[Records drawn from a dataset]
══════════

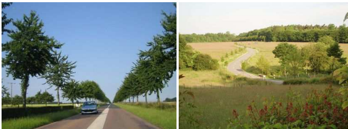
Figure 96: This double row of wild cherry trees in France is about 20 years old. Figure 97: Even though it is still young this new plantation in Luxembourg already creates a presence in the landscape.
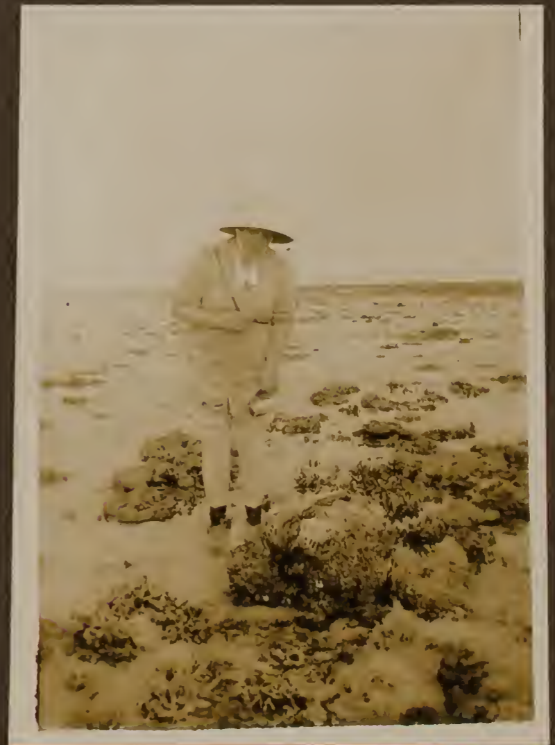
Green - Giant Clam
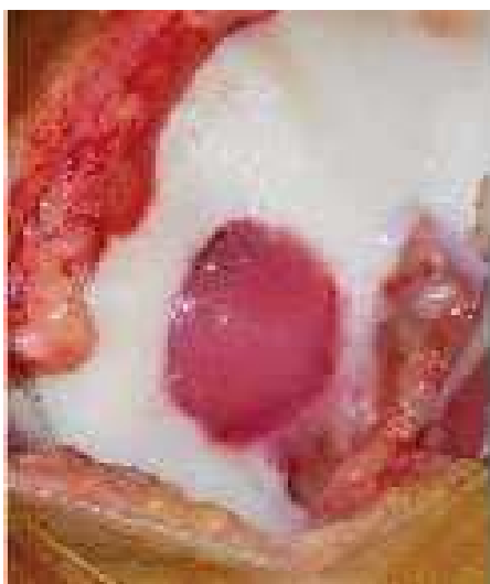
Fig. 1 Gel-based chondrocyte cells with fibrin implanted at involved site

Second stage surgery is performed with small arthrotomy, defect is visualized and debrided up to normal cartilage and edges are made sharp and undermined with knife to hold gel. Drill holes made with using 2mm drill bit, drilling done up to 2 mm depth. Holes made for graft anchoring purpose and bone wax is used to achieve hemostasis. After achieving homeostasis, saline wash was given to clean defect and surrounding area. Once defect is prepared defect brought in gravity dependent position and tested with 2ml saline for gravity dependency and volume requirement. Once defect is ready for implantation Regenerative Medical Services PVT LTD trained staff prepares cell-gel with mixing chondrocyte cells with fibrin it takes 5 to 7 minutes. After preparation, Duplojet syringe is provided loaded with fibrin, thrombin and chondrocyte.
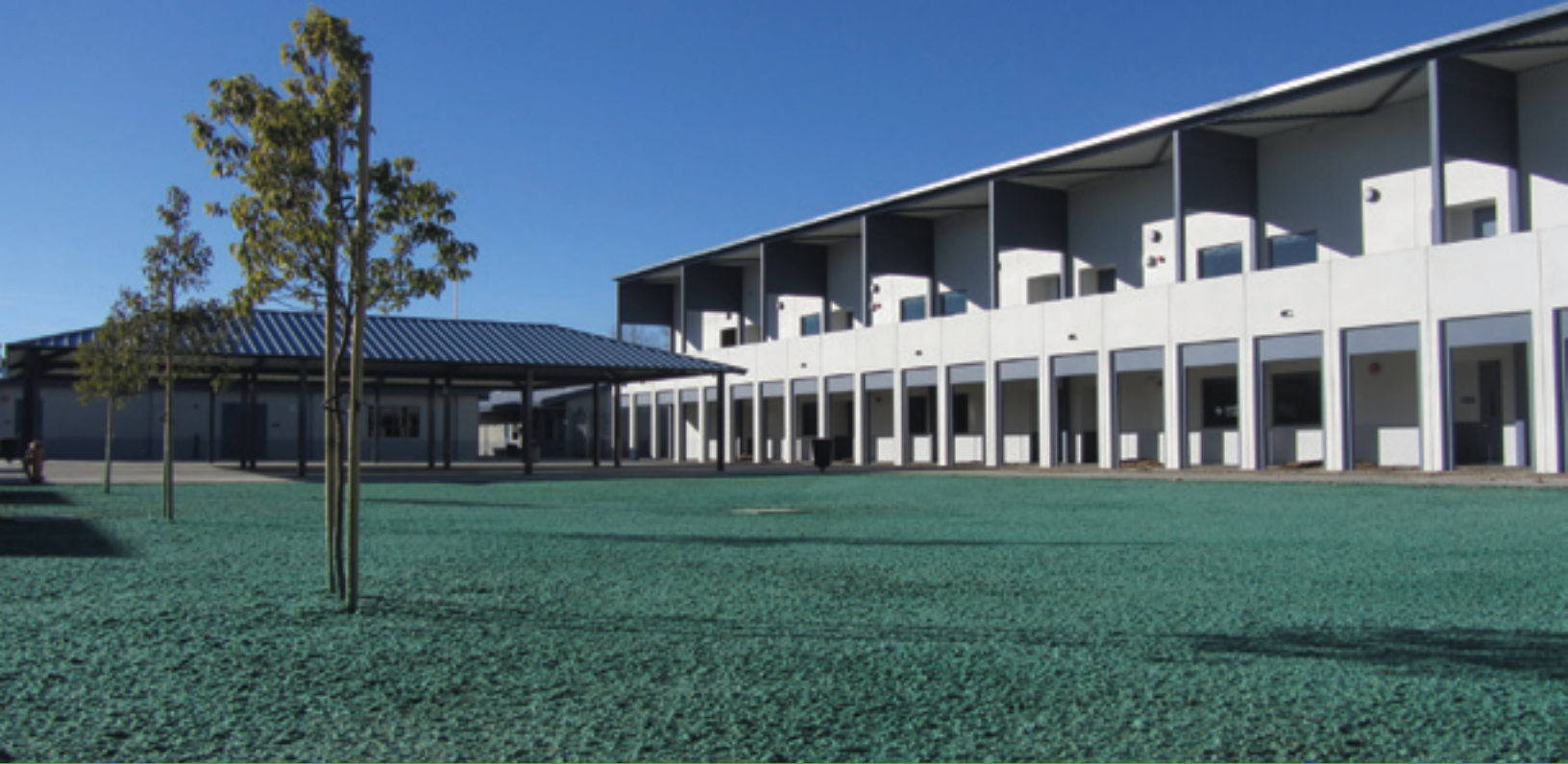
Little Mountain ES
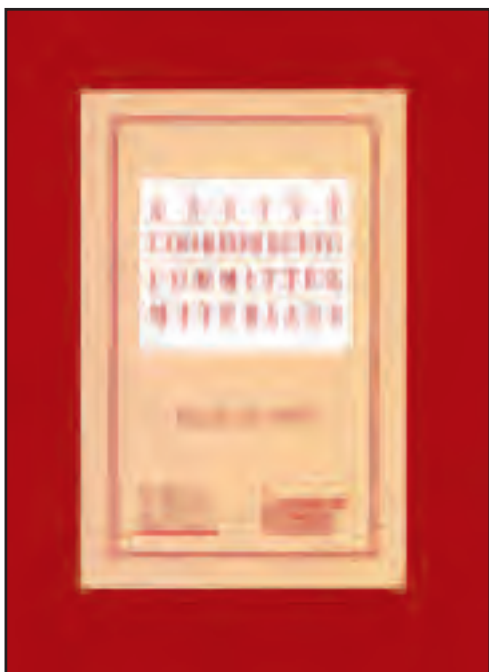
ASSIST Coordinating Committee Materials

ent, unified program. Achieving that cohesiveness was a challenge. The structural units of ASSIST were numerous, complex, and geographically distant, with the needs of the partners and coalitions evolving in response to unforeseen circumstances. By 1996, the 17 ASSIST states had 255 state and local coalitions with more than 2,900 members. 1 Linking all these units required clearly defined, effective systems of communications and decision making throughout the structure.
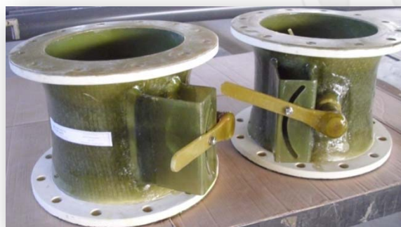
FRP BUTTERFLY AIR LOCKS Ø 350 in FRP
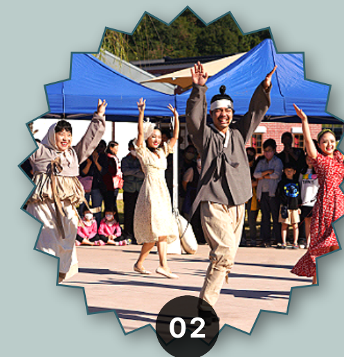
1930s Cheorwon! Modern Times Performance
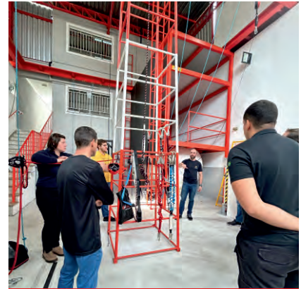
FACILITY IN BRAZIL
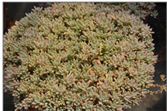
Darley Sunshine Graptosedum
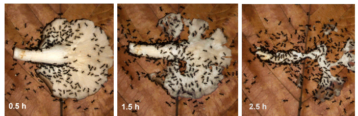
Euprenolepis procera at work.
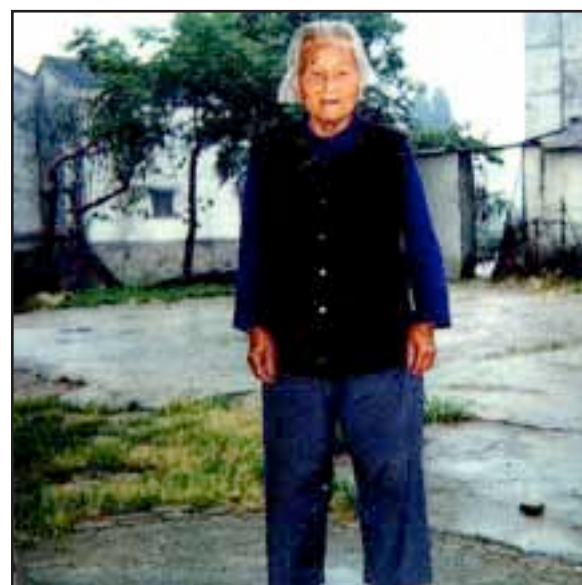
Figure 10. This village grand lady turns 100 years old in a couple of months. She symbolizes to a villager the need for better elderly care.

The disparity between the number of photographs depicting each of the above categories and the priority assigned to each may be noteworthy. While a majority (42%) of the photographs fit into the “increased income” category, the villagers deemed the category as only fourth in importance, following diversification, transportation, and improved markets. Several factors may have contributed to this priority list. First, it is possible that some nuances in responses may have been lost in translation. The villagers also may have found it difficult to find objects in their immediate environment that depicted some of their concerns. Also, three of the four photographs that fell under “planning for diversification” were taken by a participant who helped oversee the village government. Used to government-directed initiatives, the villagers may well have looked up to him for leadership in determining how to prioritize their categories of need.
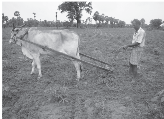
Fig. 1. Seven tynes 'Gorru'
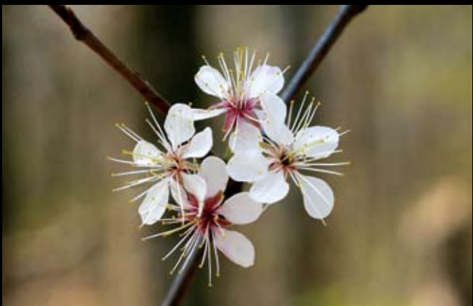
Wild plum ( Prunus americana ) The pure white, overwhelmingly fragrant flowers are among the first to open in spring. Birds and wildlife love the small, round, edible plums in late summer and fall.
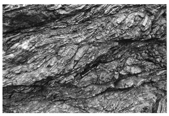
Fig. 5: a) NW-directed cataclastic shear zone, at the northern tip of Vikenegga. View to the SW; b) detail of Fig. 4a; sigmoidal shear bodies, indicating NW-directed sense of shear.

Abb. 5: a) Kataklastische Scherzone an der Nordspitze Vikeneggas, Blick nach SW. b) Detail von Abb. 4a; sigmoidale Scherkörper zeigen einen NW-gerichteten Schersinn.
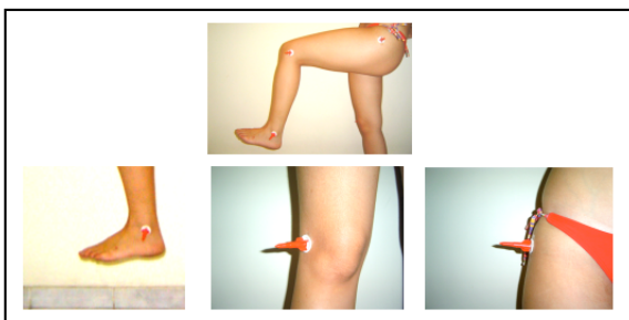
Figure 3: Body marked by landmarks with elements of distinction – Lower Limbs

It was used as reference marker, children's toys in the form of "rocket". Made of plastic and available in several colors.
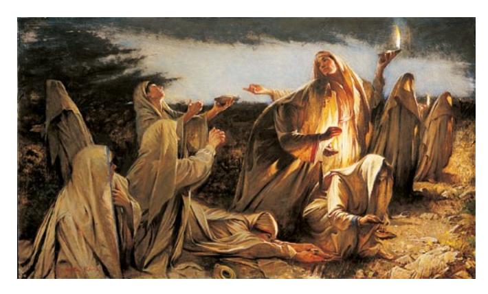
Parable of the Lamps

The first reading eulogises wisdom. We see this wisdom exemplified in the five bridesmaids in the Gospel parable.
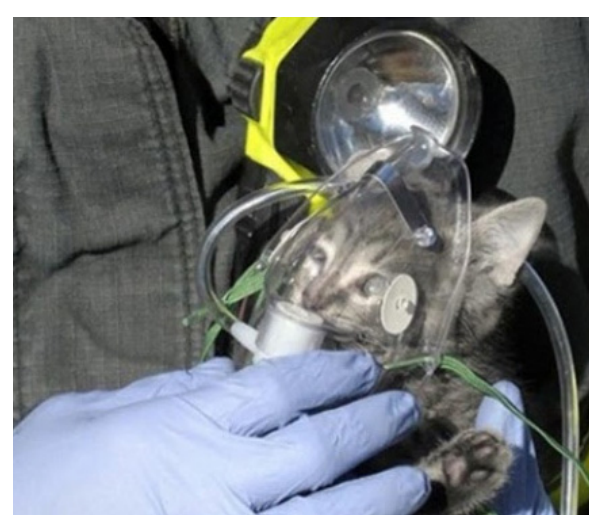
Thankfully, this little guy survived the storm on Bimini Lane

My neighbors heroically saved the food in my refrigerator! What a nice surprise to come home to! When power went out, I texted them to take any food from fridge and freezer, especially ice cream, and eat it. They didn't save the ice cream but took all the drawers out and put them in their extra fridge on generator and surprised us saving 90 percent of everything in there. Maybe they fed the ice cream to that cat that was saved.
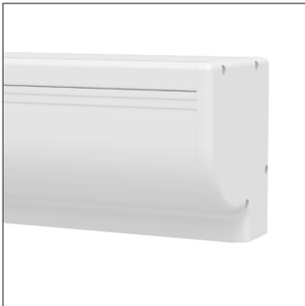
White Case (Standard)
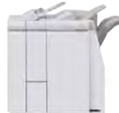
Standard Finisher with Optional C-Z Folder (2-100 sheets, 3-position variable length stapler)

Your choice for long production runs, removable carts make it easy to unload your large jobs. Dual stackers support unload-while-run capability so you can be even more productive.
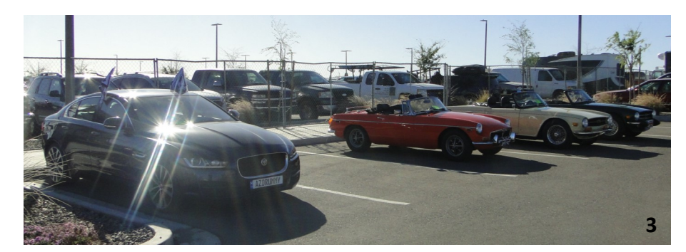
Photos 2, 3 & 4— Cars got to park in different places so they won't so spread out and closer together.
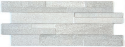
16 x 40 cm (6 x 16) Muretto Decor OL.ES.GRG.0616.MURDC
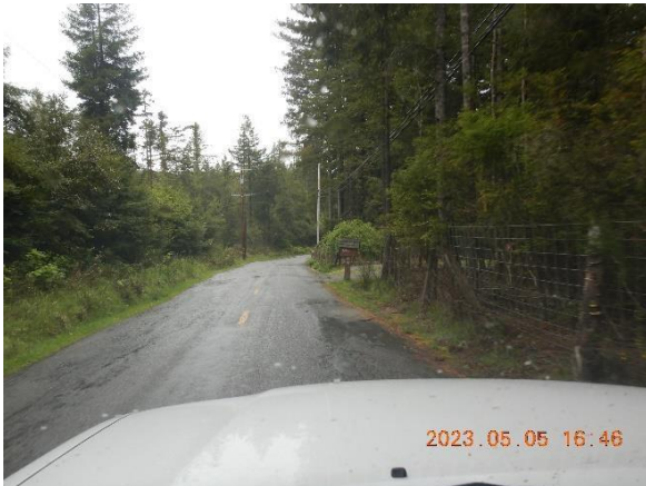
Figure 4. Driveway and mailbox associated with 5032 Greenwood Heights Road. The Property is on east side of roadway (photo looking approximately north).
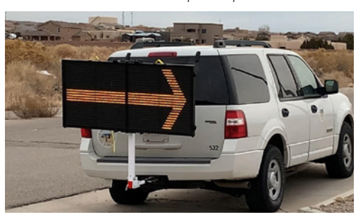
InstAlert 24 on a vehicle hitch
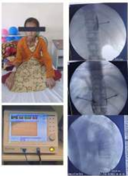
Case 1: Chronic pancreatitis; Images showing cachectic patient, needle placement in anteroposterior and lateral view with contrast spread and Radiofrequency machine delivering thermal ablation
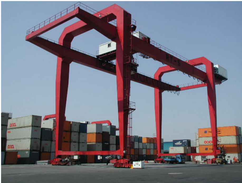
Fig 14: Rail Mounted Gantry

However, many small span RMGs are in used in railway containers to and from rail wagons. The increase in rail transportation of containers will lead to a wider use of the small span RMG as a special purpose machine for rail terminals.
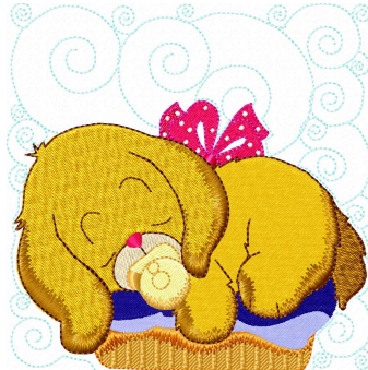
Name: puppy File: HSCQT112 pes4 CAT Is10.pes Stitches: 31452 Size: 5.02x5.17 " Colors: 13/16 Stops: 15
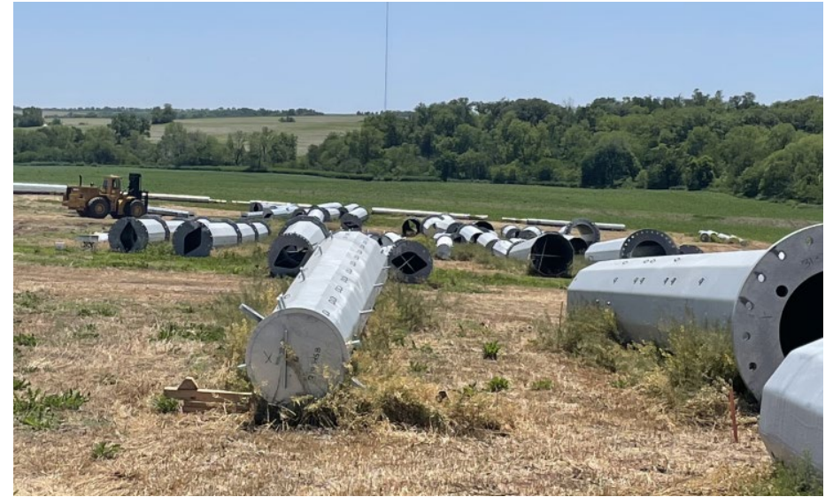
SSWTP Laydown Yard
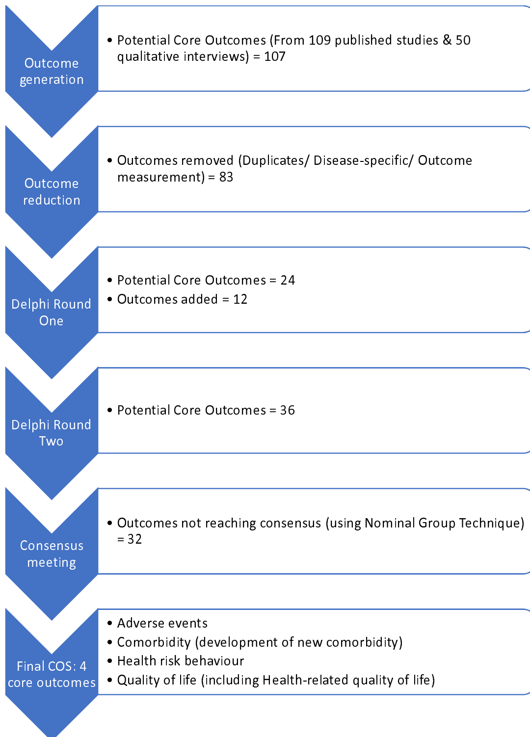
Figure 1a. Development of COS for trials of interventions to prevent multimorbidity in LMICs.
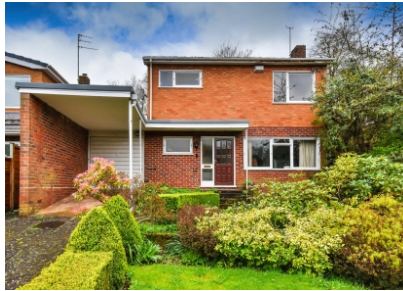
10 Ashfield Road, Compton, Wolverhampton
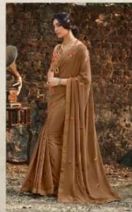
D. no. 11C 10
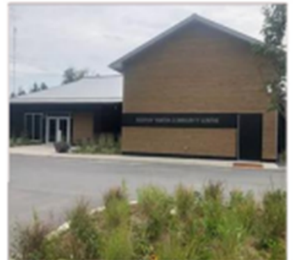
MURRAY YANTHA COMMUNITY CENTRE
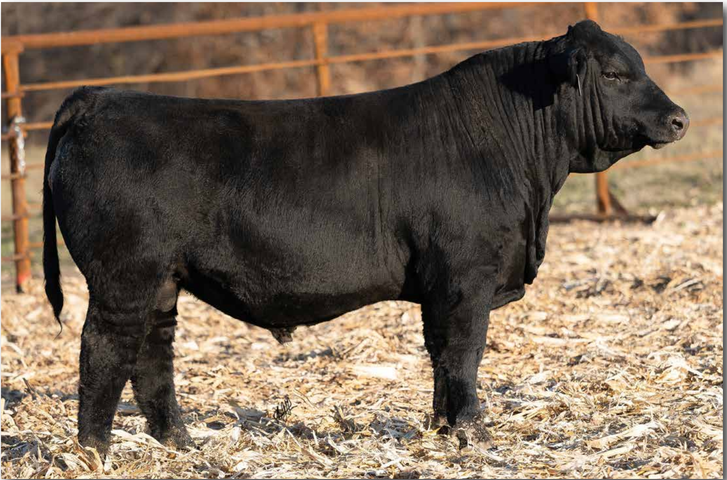
I C DRAKE JET JACKSON 3256L Sells as Lot 22.
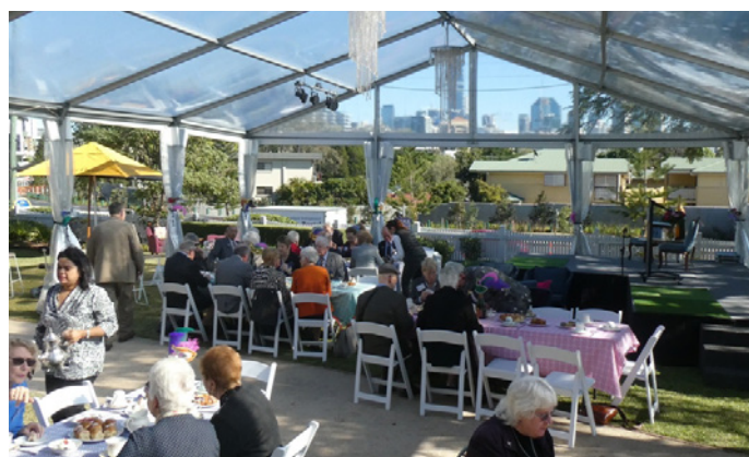
Some of the 51 guests enjoying their garden party style morning tea overlooking the Brisbane City Skyline.

Our morning tea was memorable for its garden party style with guests seated at tables under huge marquee overlooking the Brisbane city skyline. Our thanks are extended to Marisa and her able staff for a most memorable occasion.

══════════

◆ **Requirement**: From the records given above, copy all lines containing "party".

◆ **Expected answer**:
Some of the 51 guests enjoying their garden party style morning tea overlooking the Brisbane City Skyline.
Our morning tea was memorable for its garden party style with guests seated at tables under huge marquee overlooking the Brisbane city skyline. Our thanks are extended to Marisa and her able staff for a most memorable occasion.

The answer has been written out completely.